Dafür wurden zwischen 1974 und 1986 auf der Rinderfarm “Fazenda Rio Cristalino” Arbeiter:innen unter sklavenähnlichen Bedingungen für Rodungsarbeiten eingesetzt. Leiharbeiter:innen sollen verprügelt worden sein oder in Schuldknechtschaft gearbeitet haben. Obwohl diese Zustände bereits 1983 bekannt geworden waren, nahm die brasilianische Bundesstaatsanwaltschaft erst im Mai 2022 ein Ermittlungsverfahren gegen VW auf.
VW will nichts von der Zwangsarbeit wissen
In der mittlerweile dritten Anhörung zum Fall haben die Vertreter:innen von VW in dieser Woche die Sitzung bei der Bundesstaatsanwaltschaft verlassen und deutlich gemacht, keine weitere Beteiligung an dem Verfahren zu wünschen. Im Raum stand die Zahlung von 165 Millionen Real, umgerechnet ungefähr 30 Millionen Euro, an die Opfer des Konzerns, ihre Angehörigen und für einen Fonds, der weitere von ihnen ausfindig machen soll.
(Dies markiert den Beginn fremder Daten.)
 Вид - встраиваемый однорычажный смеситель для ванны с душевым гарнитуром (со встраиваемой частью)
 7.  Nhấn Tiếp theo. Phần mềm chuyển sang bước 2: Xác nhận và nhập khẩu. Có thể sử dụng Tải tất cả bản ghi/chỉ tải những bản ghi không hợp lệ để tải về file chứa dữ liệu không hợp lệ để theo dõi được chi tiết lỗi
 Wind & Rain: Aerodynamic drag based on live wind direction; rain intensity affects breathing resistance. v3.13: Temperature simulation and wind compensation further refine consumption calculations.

Brasilien: Sklavenarbeitsähnliche Zwangsarbeit bei BASF-Lieferkette
VW ist jedoch der Meinung, keine Verantwortung für die Arbeitsbedingungen auf der “Fazenda Rio Cristalino” zu tragen. Großes Interesse bringt man dem Fall nicht entgegen. Eine von 3.000 deutschen Staatsangehörigen unterzeichnete Petition, die eine Entschädigung fordert, ließ der VW-Vorstand für Integrität und Recht, Manfred Döss, am 24. März lediglich durch einen Pressesprecher entgegen nehmen.
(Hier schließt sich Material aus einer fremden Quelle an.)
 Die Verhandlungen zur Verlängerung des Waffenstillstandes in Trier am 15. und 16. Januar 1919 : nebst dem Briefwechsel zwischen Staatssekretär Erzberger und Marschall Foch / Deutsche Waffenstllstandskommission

Währenddessen ist für den 10. Mai die Jahreshauptversammlung des Konzerns in Berlin geplant. Dort steht ebenfalls eine Zahlung von fast 30 Millionen Euro im Raum. Entschieden werden soll nämlich, ob die Vorstände des Konzerns noch einmal 27 Millionen in Boni und Zuwendungen oben drauf erhalten.
Ein Problem der Vergangenheit?
VW ist nicht der einzige deutsche Konzern, der sich mit Vorwürfen konfrontiert sieht, Arbeiter:innen besonders scharf auszubeuten. Und es ist ebenfalls nicht so, dass diese Vorwürfe sich alle in der Zeit der Militärdiktatur fallen.
Erst im März wurden 82 Arbeiter:innen aus einer Reisfarm im Bundesstaat Rio Grande do Sul befreit, wo sie unter ständigem Flüssigkeits- und Nahrungsmangel arbeiten und ohne angemessene Schutzkleidung Pestizide versprühen mussten. Vom brasilianischen Arbeitsministerium wird hier die BASF als “tatsächlicher” Arbeitgeber benannt.